Genesis Minerals drops after outlining strategy
The news: Genesis Minerals is among the biggest losers on the ASX 200 today after it published its strategy plan for the next five years.
The numbers: Released late on Thursday, the gold house's strategy includes an upgrade to its FY24 production guidance to 130-140 koz (thousand ounces) up from 120-130 koz.
It also noted that its resources and reserves would underpin significant growth in production and had an implied mine life of 10 years at 300 koz per annum based on re-built reserves. The company had an aspirational goal of 400koz per annum.
The company’s shares were down 6.15% to $1.80 on the ASX by 2.29pm AEDT.

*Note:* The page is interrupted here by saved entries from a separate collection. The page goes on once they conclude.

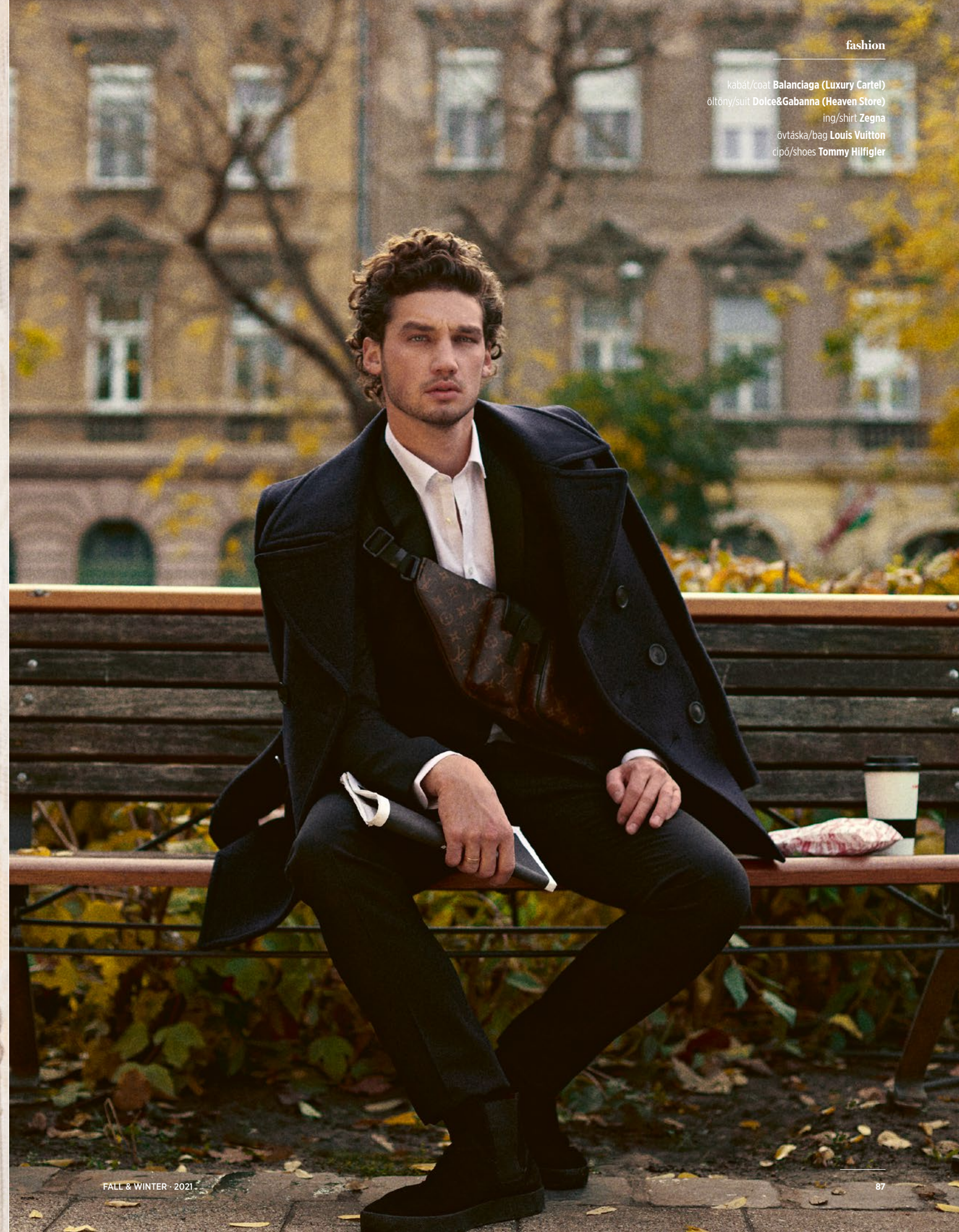
kabát/coat Balenciaga (Luxury Cartel) öltöny/suit Doice&Gabanna (Heaven Store) ing/shirt Zegna övtáska/bag Louis Vuitton cipő/shoes Tommy Hilfigler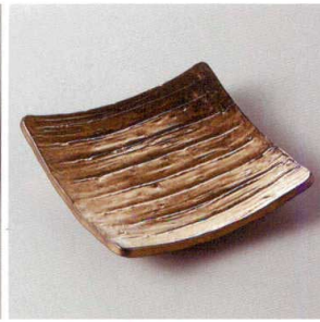
213-12-48H 2,000円 金彩 四足5.5正角皿 16.5×16.5×3.2cm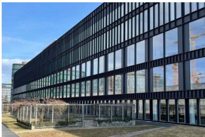
KB 32 (kammeradvokaten) - pulverlakeret af Vilak / Dancolor

Der er begrænset pladser med først-til-mølle-princippet gældende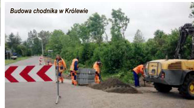
Budowa chodnika w Królewio

„Budowa obiektów małej architektury w miejscowości Postomino” oraz wykonanie nawierzchni poliuretanowej oraz trawiastej pod plac zabaw w miejscowości Jarosławiec oraz dostawa i montaż wyposażenia placu w ramach projektu pn. „Modernizacja oddziałów przedszkolnych, czyli likwidacja barier w dostępie do edukacji przedszkolnej na terenie Gminy Postomino”.

The context: Following the publication of the plan, Shaw and Partners analysts retained its ‘buy’ rating on the gold house and its target price of $2.20.
The analysts said with $192 million cash and bullion at the end of December and no debt, Genesis was well positioned to fund sector-leading, profitable production growth. They noted the company was making substantial investments to build new projects and infrastructure and ramp-up production.
However, Shaw and Partners warned that interest rate movements would be the most significant catalyst for gold prices in 2024 and 2025.
“The long-term relationship between gold and rates suggests that for every 100 basis points drop in US 10-year real rates, gold rallies by 11%,” they said.
Despite the analysts' overall positive view of Genesis they noted that a number of the company’s resources were not producing yet.
“There is a risk the company is unable to bring the operations into production. The projects may cost more than expected to build and may not operate as expected,” Shaw and Partners said.
“Costs are elevated in the WA mining industry. While easing, these costs are factored into company guidance and our forecasts, but may remain elevated for longer than expected.”